On 14/09/2023 05:12, Daniel Vetter wrote:
On Thu, Sep 14, 2023 at 03:33:41PM +0900, Tetsuo Handa wrote:
On 2023/09/14 6:08, Thomas Gleixner wrote:
Maybe the VKMS people need to understand locking in the first place. The
first thing I saw in this code is:

static enum hrtimer_restart vkms_vblank_simulate(struct hrtimer *timer)
{
...
mutex_unlock(&output->enabled_lock);

What?

Unlocking a mutex in the context of a hrtimer callback is simply
violating all mutex locking rules.

How has this code ever survived lock debugging without triggering a big
fat warning?

Commit a0e6a017ab56936c ("drm/vkms: Fix race-condition between the hrtimer
and the atomic commit") in 6.6-rc1 replaced spinlock with mutex. So we haven't
tested with the lock debugging yet...

Yeah that needs an immediate revert, there's not much that looks legit in
that patch. I'll chat with Maira.

Also yes how that landed without anyone running lockdep is ... not good. I
guess we need a lockdep enabled drm ci target that runs vkms tests asap
:-)

btw, I just executed a draft version of vkms targed on the ci, we do get the warning:

https://gitlab.freedesktop.org/helen.fornazier/linux/-/jobs/49156305#L623

I'm just not sure if tests would fail (since it is a warning) and it has a chance to be ignored if people don't look at the logs (unless if igt already handles that).

I still need to do some adjustments (it seems the tests is hanging somewhere and we got a timeout) but we should have vkms in drm ci soon.

Regards,
Helen



Maíra and Arthur, mutex_unlock() from interrupt context is not permitted.
Please revert that patch immediately.
I guess that a semaphore (down()/up()) could be used instead of a mutex.

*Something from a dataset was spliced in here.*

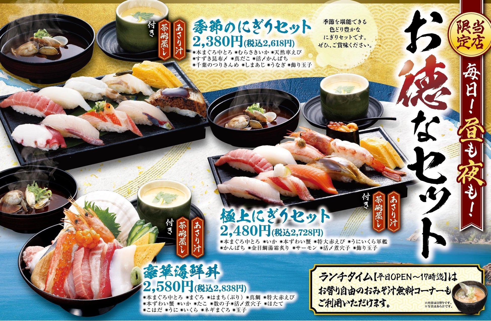 寿司の盛り合わせや海鮮丼に「あさり汁」と「茶碗蒸し」がセットになったお得感いっぱいの「お徳なセット」は昼も夜も毎日販売いたします。

From a quick look this smells like a classic "try to use locking when you
want synchronization primitives", so semaphore here doesn't look any
better. The vkms_set_composer() function was originally for crc
generation, where it's userspace's job to make sure they wait for all the
crc they need to be generated before they shut it down again. But for
writeback the kernel must guarantee that the compositiona actually
happens, and the current function just doesn't make any such guarantees.

Cheers, Daniel